**Problem requirements:**
Below this line are records; transcribe exactly the lines between the one holding "Wheels is one" and the one holding "Depicted below is", inclusive, and omit the pictures.

(Extracted information begins)

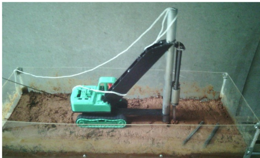
Figure 3. Piling Process Prototype Model

The learning model is applied to the class by the number of students by 30 participants with stage:
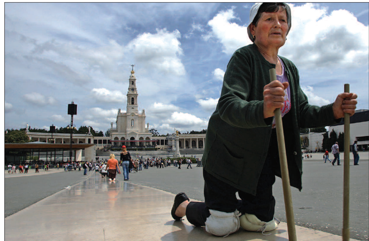
A pilgrim prays on her knees at the shrine of Our Lady of Fatima in Portugal May 12.
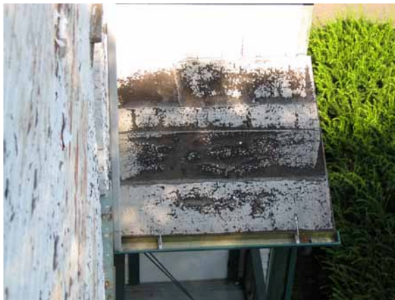
Worn out South porch roofing.
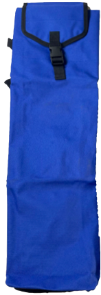
Protective Carry Case (Included)
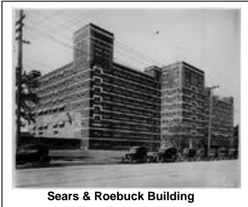
Sears & Roebuck Building

An early structure was the massive Sears, Roebuck distribution center (1913) on Lamar Avenue. Built to accommodate expansion, the original nine-story building was joined by a ten-story addition before the first phase was complete. A second nine-story addition was added in 1915. The Sears complex was said to be the largest structure in Dallas, with more than eighteen acres of floor space. These buildings were some of the first reinforced concrete structures in Dallas.
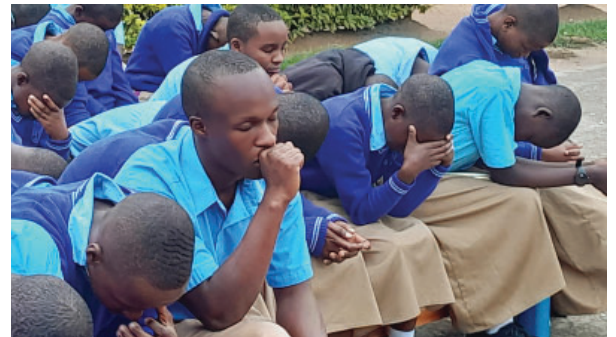
They may be part of a large group, but each student's decision is personal

There is, of course, no way to predict how a year will turn out. There are just too many unforeseen factors involved. But as we embarked upon 2023, we asked God to once again give us at least a million souls per month. Well, to the praise of HIS glory, HE did just that! Over the course of the year, He enabled the teams to conduct an amazing 16,736 evangelistic events. They preached the Gospel to an average of 36,500 people PER DAY. The final number who prayed to receive Jesus in their heart was 13,349,071.
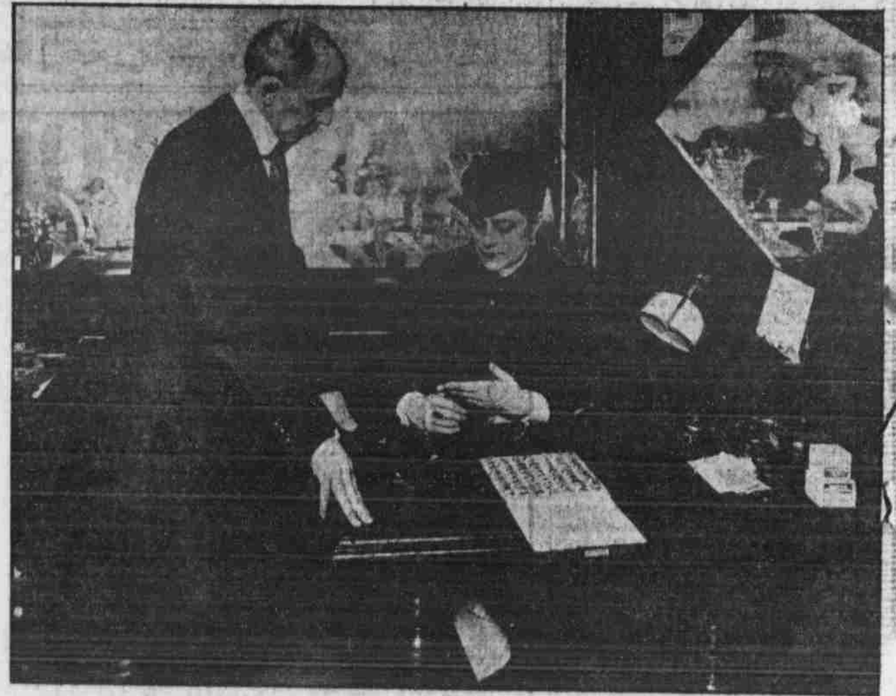
Selecting Diamonds at Combs'
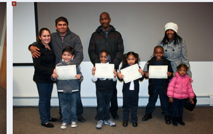
Pictured: Scenes from the Rosa Parks Central Community School's Art Opening.
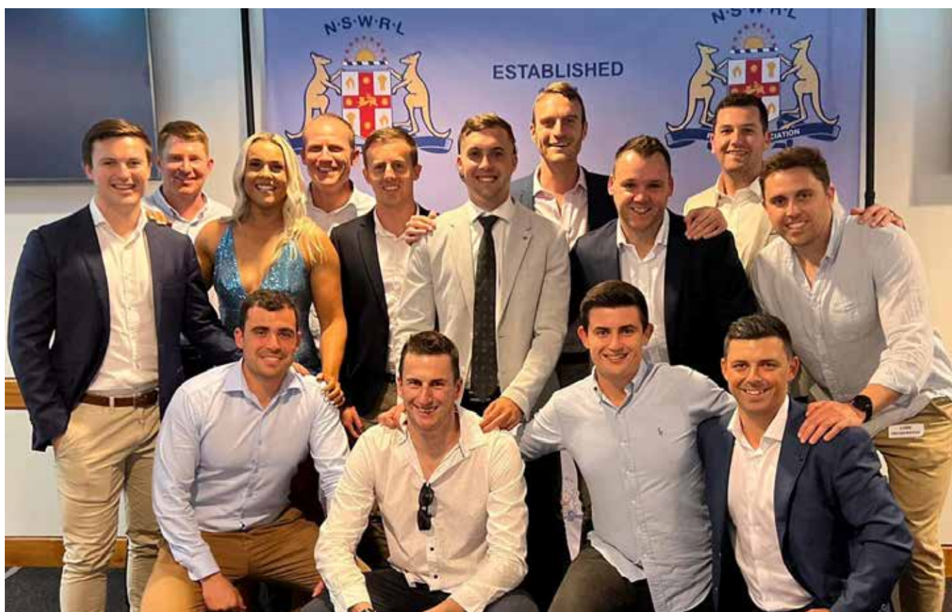
Grade Referees at NSWRLRA Life Members Lunch
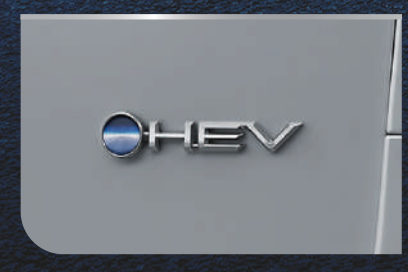
PERFECT EMBLEM COMBINATION New Beyond Zero logo paired with HEV emblem symbolized your effort to contribute for the environment in every trip. (HEV Type)
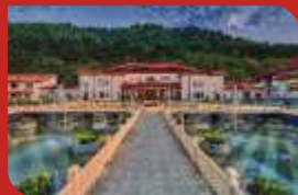
The Lalit Grand Palace Srinagar
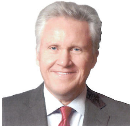
Jeffrey Immelt Chairman & CEO General Electric
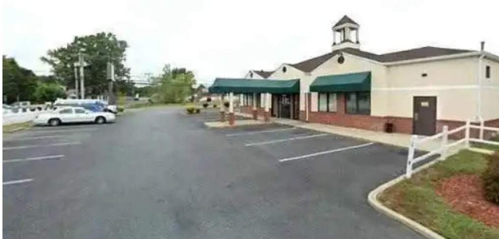
Strong health fitness center all
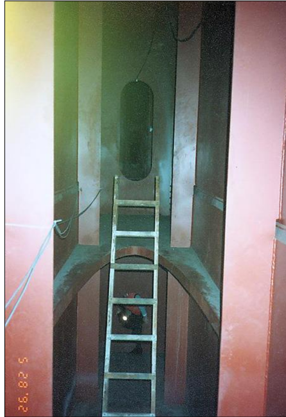
Figure 1.4.3.2-2: A View Inside of a Steel Box Girder.
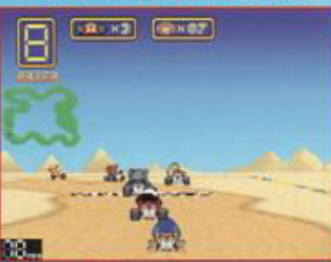
High-speed, vivid 3-D graphics.

“Wacky Wheels is one of the best shareware releases we’ve ever seen. You’ll love it.”
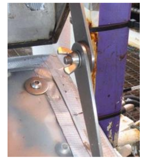
Hinged mechanism was retained by two unsecured wing nuts
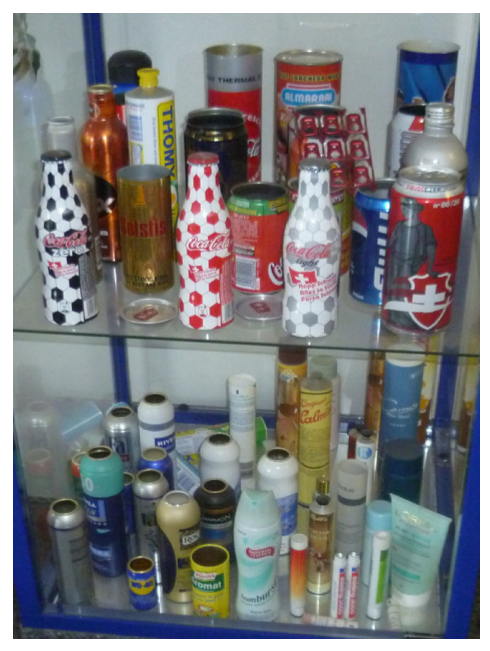
This particular site in Grüningen Switzerland, is an entity that mainly produces coatings for rigid packaging, particularly for tubes, monoblocs, food and beverage cans.

The level measurement needs to be completely automatic, with the resulting inventory data made available on the web for everyone connected to Valspar's intranet – also for the local branch office in the UK. The steel tanks were located underground, with limited head-space and connection possibilities.
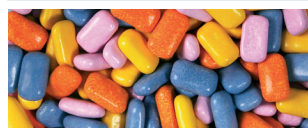
Confetti Sweet liquorice centres coated with sugar, 2.5 kg
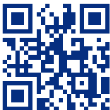
Facebook Page @drinkwithoutwaste

Follow Drink Without Waste Facebook Page and Website stay tuned for the latest information regarding the Scheme.
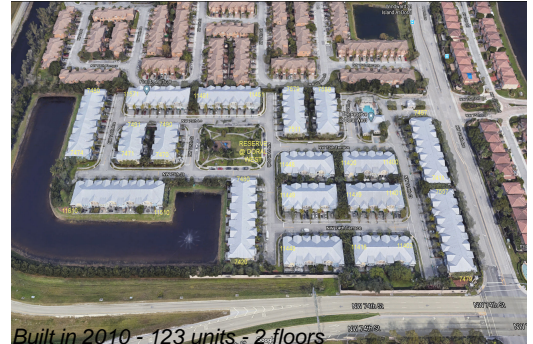
Built in 2010 - 123 units - 2 floors
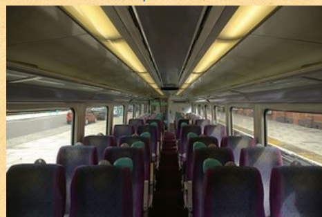
Standard Class interior of 175115 at Llandudno in 2009.
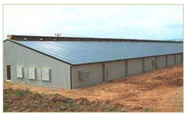
Figure 2. Typical Modern Poultry House

Depicted below is a typical modern poultry house of steel construction. Note several fan installations on the side wall used for cooling and ventilation. Note also the considerable exposed roof area, suitable for PV installation.
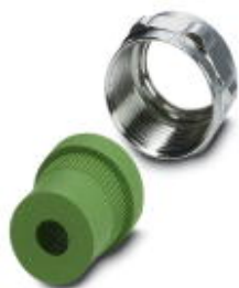
Half screw connection Pg16, made of metal, consisting of rubber seal with one hole and one pressure screw, for type 1 housings, cable [mm] 7 - 10.5

Please be informed that the data shown in this PDF Document is generated from our Online Catalog. Please find the complete data in the user's documentation. Our General Terms of Use for Downloads are valid ( http://phoenixcontact.com/download )
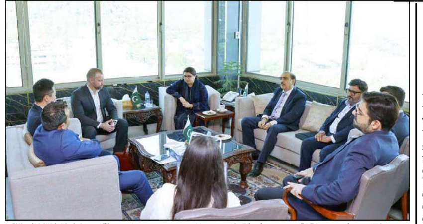
ISLAMABAD: Google team calls on Minister of State for IT and Telecommunication, Shaza Fatima Khawaja.
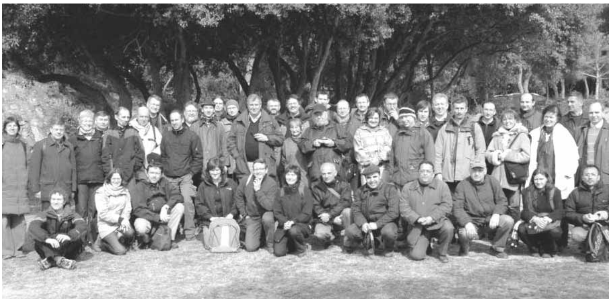
National delegates from 26 COST Action E 27 member countries on the field visit of the final conference in Barcelona - Photo Karl-Manfred Schweinzer ...

A proposal was put forward on the need to carry out an assessment of the effectiveness
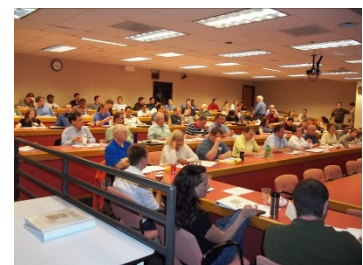
2010 HCM Workshop held at IDOT District One, Schaumburg, IL
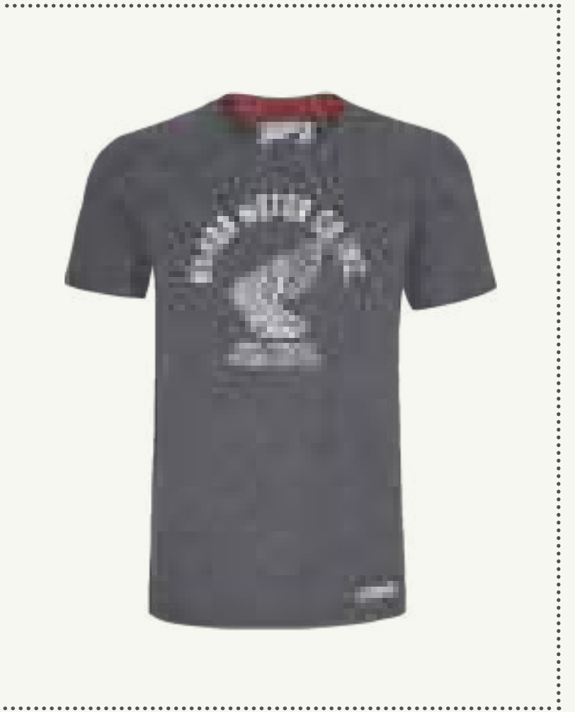
TECHNICAL RESEARCH T-SHIRT

(Extracted information ends)

**Task output:**
“Wacky Wheels is one of the best shareware releases we’ve ever seen. You’ll love it.”
Hinged mechanism was retained by two unsecured wing nuts
This particular site in Grüningen Switzerland, is an entity that mainly produces coatings for rigid packaging, particularly for tubes, monoblocs, food and beverage cans.

The level measurement needs to be completely automatic, with the resulting inventory data made available on the web for everyone connected to Valspar's intranet – also for the local branch office in the UK. The steel tanks were located underground, with limited head-space and connection possibilities.
Confetti Sweet liquorice centres coated with sugar, 2.5 kg
Facebook Page @drinkwithoutwaste

Follow Drink Without Waste Facebook Page and Website stay tuned for the latest information regarding the Scheme.
Built in 2010 - 123 units - 2 floors
Standard Class interior of 175115 at Llandudno in 2009.
Figure 2. Typical Modern Poultry House

Depicted below is a typical modern poultry house of steel construction. Note several fan installations on the side wall used for cooling and ventilation. Note also the considerable exposed roof area, suitable for PV installation.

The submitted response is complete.